TASK DIRECTIONS ▸ Don't include pictures. Quote the lines below from the first through the line that contains "We were there".

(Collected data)
====================

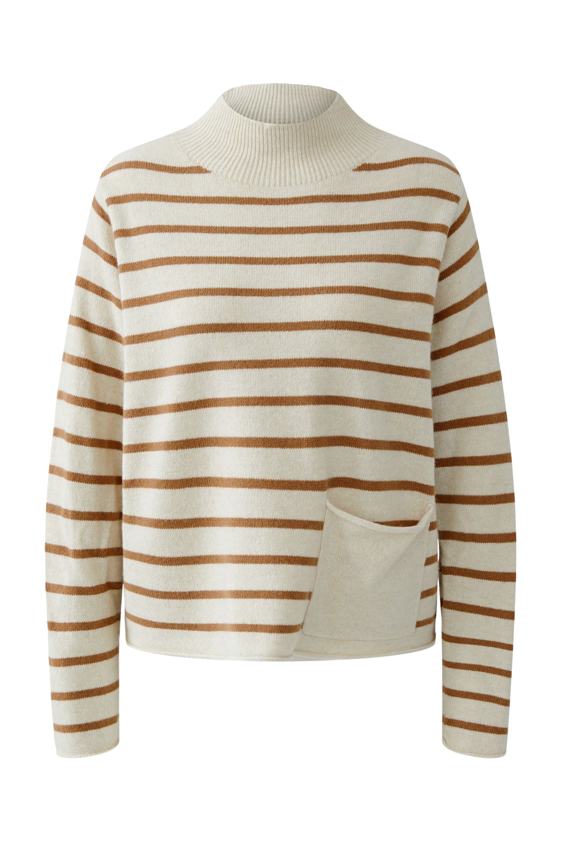 The Oui Stripe Sweater offers effortless style and comfort with its soft wool blend and smooth striped knit. Designed for a relaxed fit and regular length, it features a high stand-up ribbed collar and a contrasting patch pocket for a casual yet refined look. Finished with neat edge trims on the sleeves, hem, and pocket, this cozy pullover is perfect for everyday wear that stands out with subtle details.
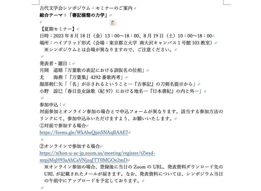 尤海燕老师在日本古代文学会主办的“日本古代文学会夏季研讨会学会”上发表:“《万叶集》第4292号歌新考”(地点:东京都立大学)
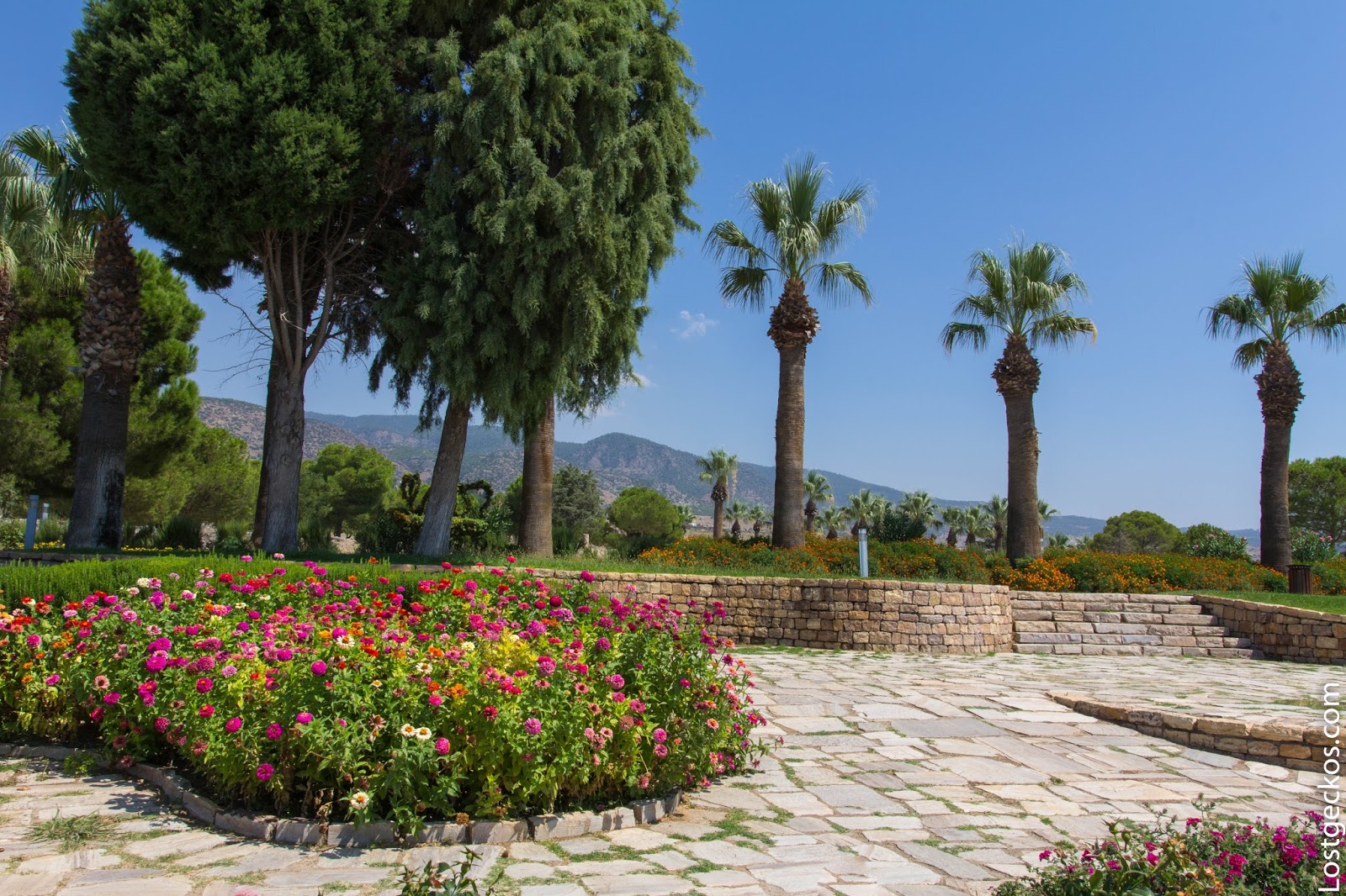 We were there on early September and the temperature was hot, especially Pamukkale is like a hill, so be on top of it almost feel like I was a feet closer to the scorching sun. The chalk cliffs and basins become very white, it was almost blinding. Although there are not much roof to hide from the sun, there is this beautiful green garden that provides you with natural shade in case you are cooking under the sun.
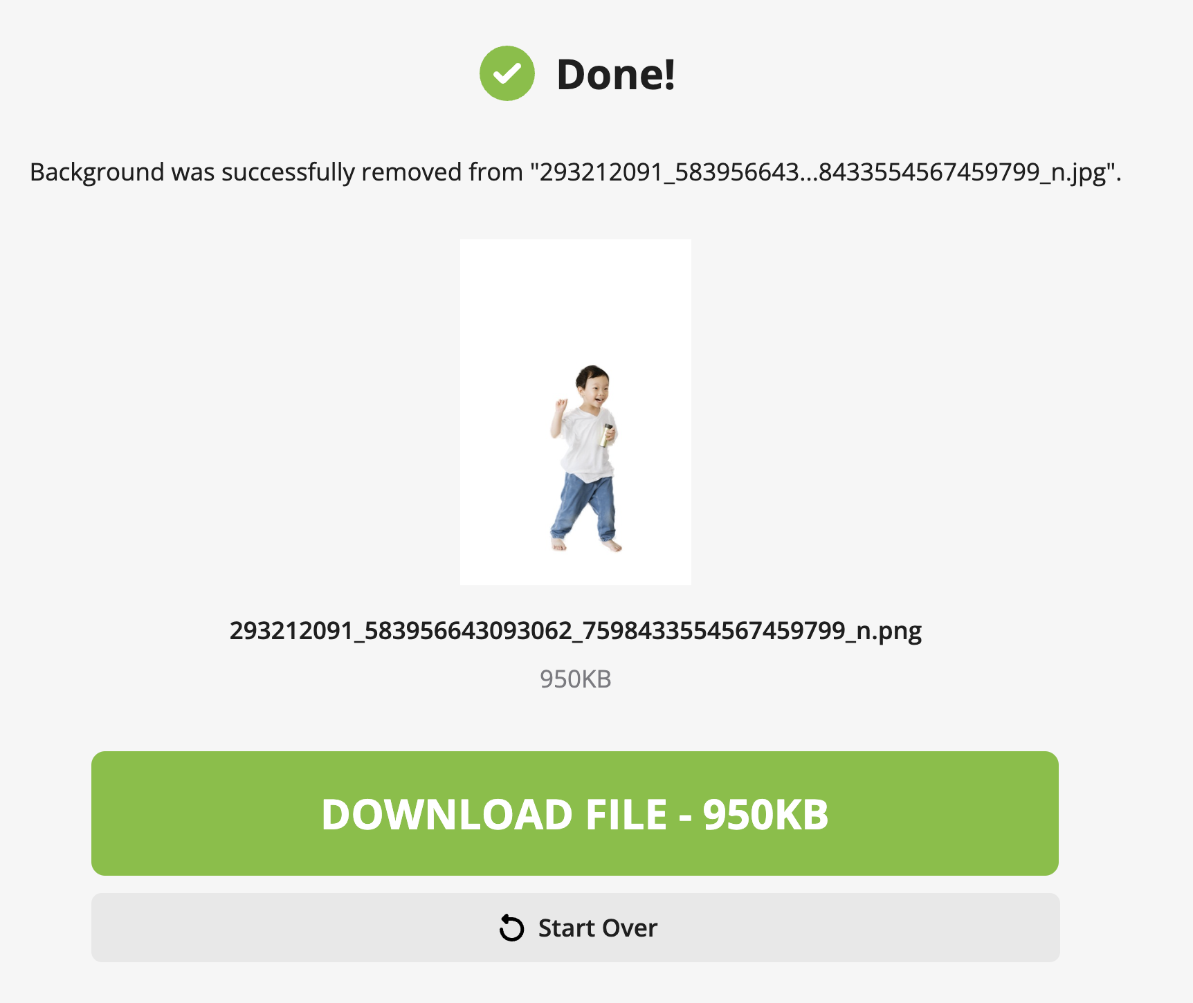 大概等候 10~20 秒就會完成去背,並可以下載,IMGCandy 的去背速度不算快,不過免費加上可以下載原解析度也是很不錯的。
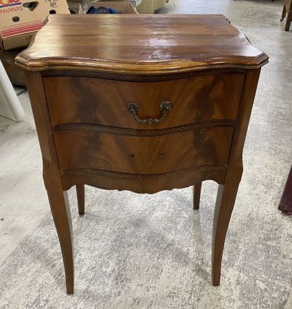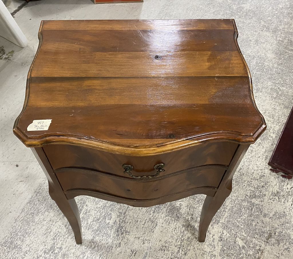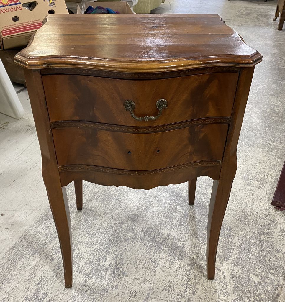 Mahogany French Style Side Table, two drawers, missing pull, 29"h., 19"w., 15"d. Mahogany French Style Side Table, two drawers, missing pull, 29"h., 19"w., 15"d.
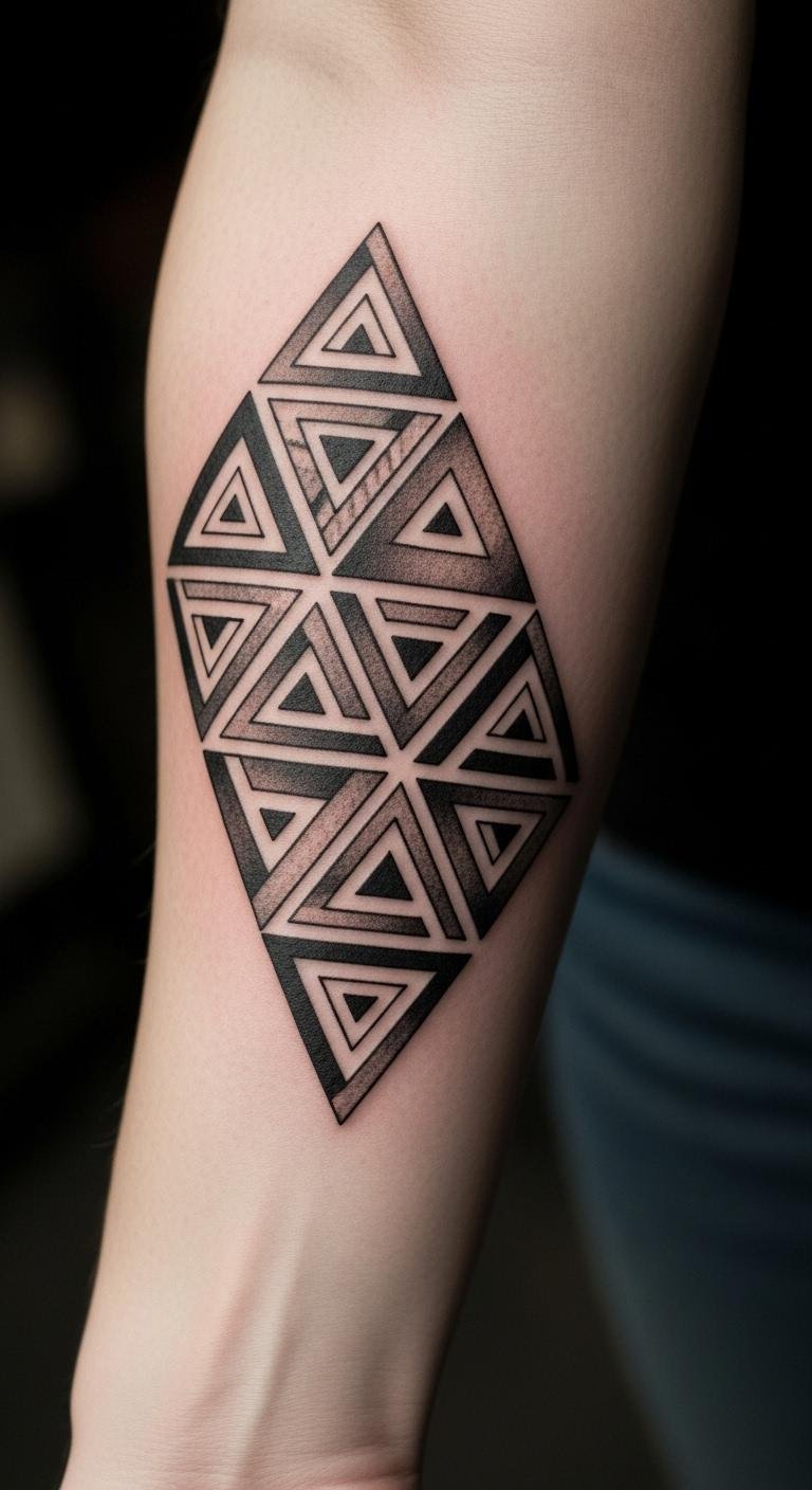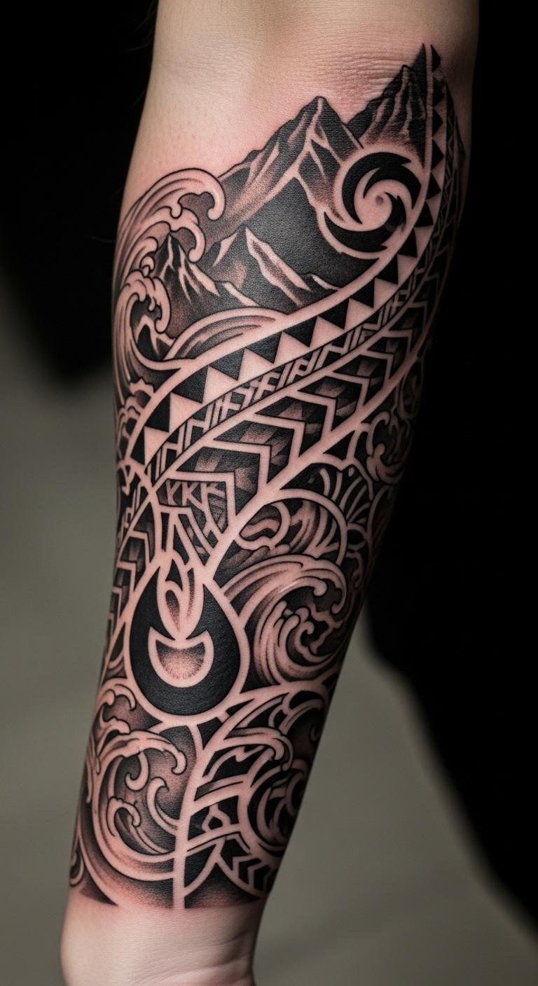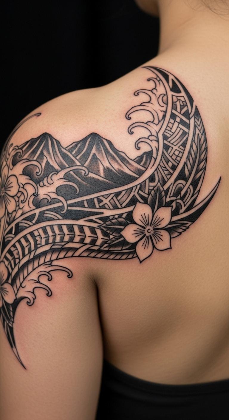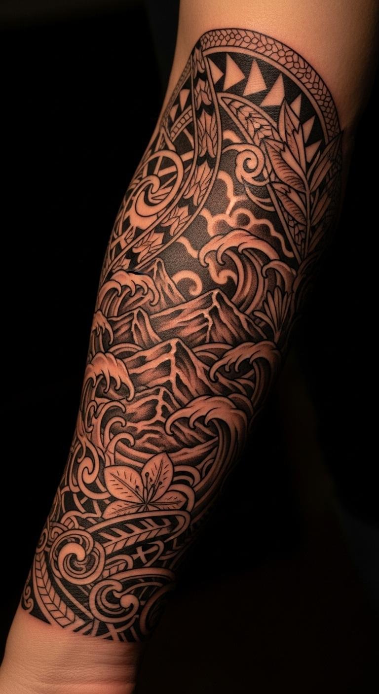 This tattoo design embodies the essence of Hawaiian culture, intertwining geometric patterns that evoke the strength of the ocean and the stability of the mountains.

====================

SOLUTION TO THIS TASK ▸
 The Oui Stripe Sweater offers effortless style and comfort with its soft wool blend and smooth striped knit. Designed for a relaxed fit and regular length, it features a high stand-up ribbed collar and a contrasting patch pocket for a casual yet refined look. Finished with neat edge trims on the sleeves, hem, and pocket, this cozy pullover is perfect for everyday wear that stands out with subtle details.
 尤海燕老师在日本古代文学会主办的“日本古代文学会夏季研讨会学会”上发表:“《万叶集》第4292号歌新考”(地点:东京都立大学)
 We were there on early September and the temperature was hot, especially Pamukkale is like a hill, so be on top of it almost feel like I was a feet closer to the scorching sun. The chalk cliffs and basins become very white, it was almost blinding. Although there are not much roof to hide from the sun, there is this beautiful green garden that provides you with natural shade in case you are cooking under the sun.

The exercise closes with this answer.